Your NVIDIA RTX GPU Can Now Convert Any YouTube Video to HDR

Your RTX GPU just gained another AI-powered feature. NVIDIA is now rolling out RTX Video HDR, a technology that converts video from SDR to HDR. You can enable RTX Video HDR from the NVIDIA Control Panel after downloading the latest drivers.



We first learned about RTX Video HDR at CES 2024. It’s an impressive feature that adds some extra depth to streaming content, and to our surprise, it works on all RTX graphics cards. You can also use RTX Video HDR with Video Super Resolution, an AI technology that converts low-resolution content to 4K. Video Super Resolution requires an RTX 30-series or 40-series GPU.

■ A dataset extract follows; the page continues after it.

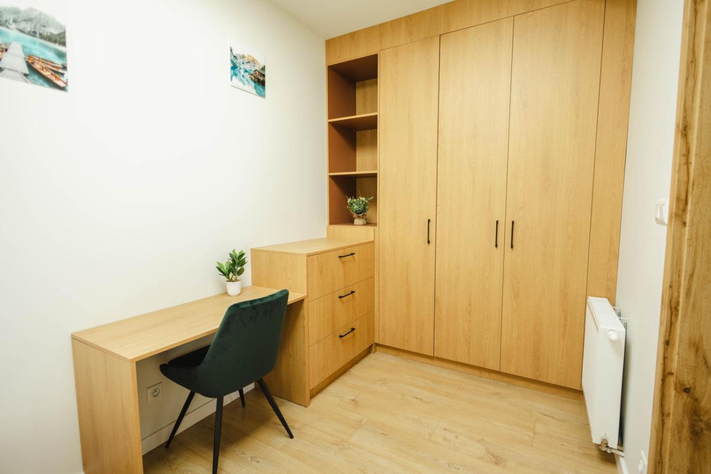 Apartament. This apartment comes with 1 living room, 1 separate bedroom and 1 bathroom with a shower and a hairdryer. In the well-equipped kitchen, guests will find a stovetop, a refrigerator, a dishwasher and kitchenware. The apartment features a washing machine, a seating area, a wardrobe, an electric kettle, as well as a flat-screen TV. The unit has 2 beds. Apartament - 4 osobowy. Powierzchnia pokoju ok.: 50 mkw.

You can see a demonstration of RTX Video HDR technology in the above video. Oddly, NVIDIA only uploaded this video in SDR quality. Someone at the company must have a sense of humor.

Anyway, you can only use RTX Video HDR in Google Chrome and Microsoft Edge. This technology isn’t supported in Firefox or Safari, and NVIDIA doesn’t advertise any compatibility with Chromium offshoots like Vivaldi or Brave. An HDR10-enabled monitor is also required, as you’d expect.

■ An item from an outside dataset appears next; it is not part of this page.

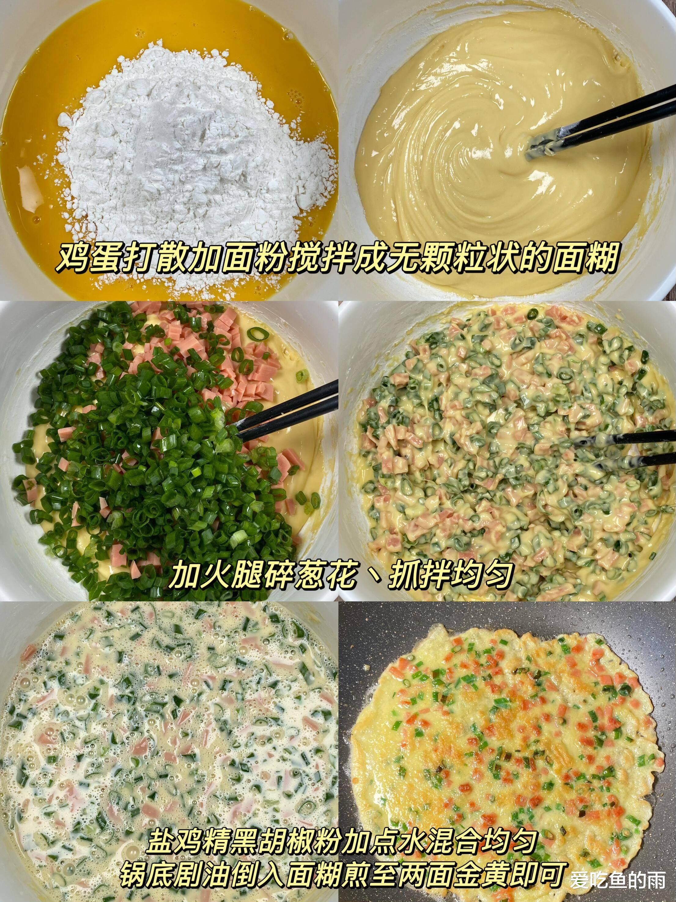 葱花火腿鸡蛋软饼:10分钟搞定的早餐魔法

The RTX Video HDR system cannot be applied to the Windows operating system as a whole. It can only be used in Chrome and Edge. However, the Super Video Resolution feature is compatible with VLC, so we could see RTX Video HDR in VLC at some point. NVIDIA places both of these features under the “RTX Video” umbrella (they even share a support page). NVIDIA’s beloved DLSS system can increase the resolution or frame rate of games, but it can’t convert SDR games to HDR. For that, you’ll want to use something like Windows 11’s Auto HDR feature.

Today also marks the release of NVIDIA’s GeForce RTX 4070 Ti SUPER graphics card, which retails for $799. Other GPUs in the 4000 SUPER lineup arrived on January 17th, though the RTX 4080 SUPER won’t go on sale until January 31st.

To enable the new RTX Video HDR feature, simply install the 551.23 Game Ready driver and head into the NVIDIA Control Panel’s video settings. Interestingly enough, the driver update also adds Ultra Low Latency Mode compatibility for DirectX 12 titles.